Verónica, riendo, añadió el truco de que se habían servido, haciendo pasar a un monigote por el chico, por si alguien vigilaba.

—¡Vaya, vaya! Cuando os conocí no supuse lo que dabais de sí —comentó Víctor.

Algo en su acento obligó a Sara a levantar la cabeza y mirarle. ¿Por qué, de pronto, Víctor no le gustaba, si momentos antes le había parecido un ángel?

Interiormente, se amonestó por no sentir más simpatía hacia la persona que les estaba ayudando.

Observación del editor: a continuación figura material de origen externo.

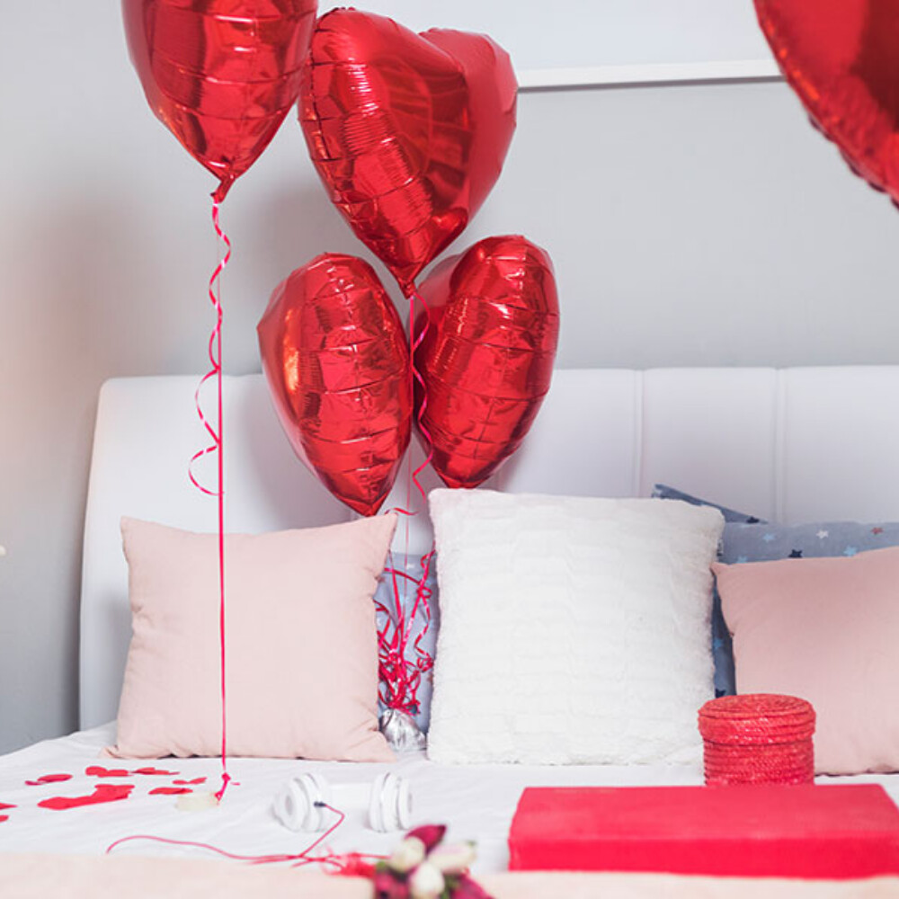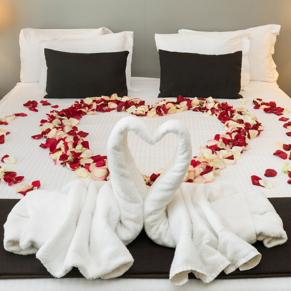 Nhắc đến tình yêu, chúng ta không thể không nhắc đến hoa hồng. Hoa hồng đỏ tượng trưng cho sự khởi đầu nhẹ nhàng, cho một tình yêu chân thành và nồng nàn. Vì vậy, bạn có thể dùng những cánh hoa hồng kết thành hình trái tim lớn trên giường tân hôn hay rải những cánh hoa hồng trong phòng ngủ để tạo không gian ấm áp và lãng mạn cho đôi uyên ương.

—Mire, en aquellas construcciones derruidas tiene su vivienda al inca.

—Bien, vamos allá.

Verónica se había detenido con un titubeo.

—¿No sería mejor que nosotros le aguardásemos aquí?

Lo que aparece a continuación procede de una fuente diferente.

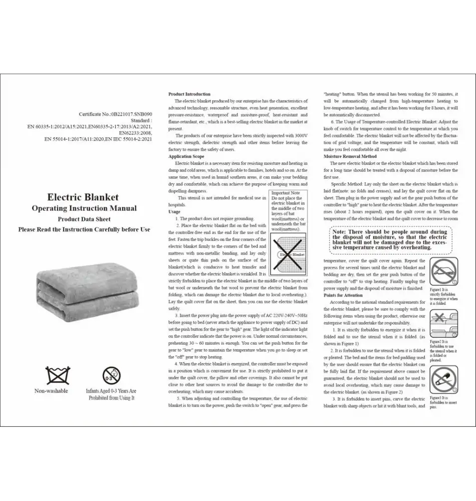 Zorg ervoor dat u de deken na gebruik de tijd geeft om af te koelen voordat u hem opbergt. Als de elektrische Warmte Onderdeken lange tijd niet wordt gebruikt, is het raadzaam om deze in de originele verpakking op een droge plaats te bewaren. Plaats geen voorwerpen op de deken.

—¡Vean a la miedosa! Cara bonita, nadie te hará el menor daño. Dame la mano y ¡adelante!

La chica obedeció y Sara se quedó rezagada. En el último momento le había entrado una gran preocupación. Realmente y mirada la situación con lógica, ¿qué mal podía derivarse de entrar en la casa de un anciano que apenas se tenía en pie? Su temor carecía de lógica pero… subsistía.

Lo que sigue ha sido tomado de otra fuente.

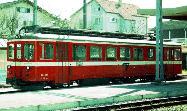 CJ Schmalspur Triebwagen BDe 4/4 604 im Bahnhof von Saignelègier im April 1981

Víctor levantó la tela que cubría la entrada. El interior se les apareció vacío. Las vasijas de barro del inca se hallaban en el suelo, hechas añicos y revuelta su yacija.

—Quizá esté en el corral o en la parte trasera de la casa —apuntó Oscar.

—¿Y los otros? —preguntó Verónica, sintiendo renacer sus temores.

En el corral, junto al guanaco del inca, se hallaban los cinco animales adquiridos por Julio.

—¡Han estado aquí! Esta es la prueba —exclamó Sara.

Oscar se había adelantado a saltar sobre el muro del fondo, en su parte más baja, y los demás le siguieron. El espacio libre entre la casucha y el farallón que formaba un pico no les dio ninguna pista.

¿Se habrían marchado por otro lado?

—¿Por dónde buscaríamos? —preguntó Verónica, mirando a Víctor.

El marchó hacia la mole de piedra sin la menor indecisión. Repentinamente se volvió, llamando a sus acompañantes:

—Venid por aquí —indicaba un pliegue de la pared y Oscar fue el primero en lanzarse hacia él, mientras Sara gritaba:

—¡No, Oscar, no!

Verónica se volvió a medias, pareciéndole una tontería la advertencia. Sin más, siguió al pequeño, que llevaba a su inseparable León. Sara pretendió retroceder, pero una de las fuertes manos de Víctor le aferró el brazo y se encontró lanzada, más que empujada, hacia el pliegue de la roca. Se trataba en realidad de una oquedad que daba paso a una especie de anfiteatro con gradas cada vez más altas y el cielo por techo, imposible de descubrir desde el exterior.

• • • • •

Varias personas ocupaban el anfiteatro. Una de ellas gritó:

—¡Grandísimos estúpidos! ¿Quién os ha convocado a la reunión?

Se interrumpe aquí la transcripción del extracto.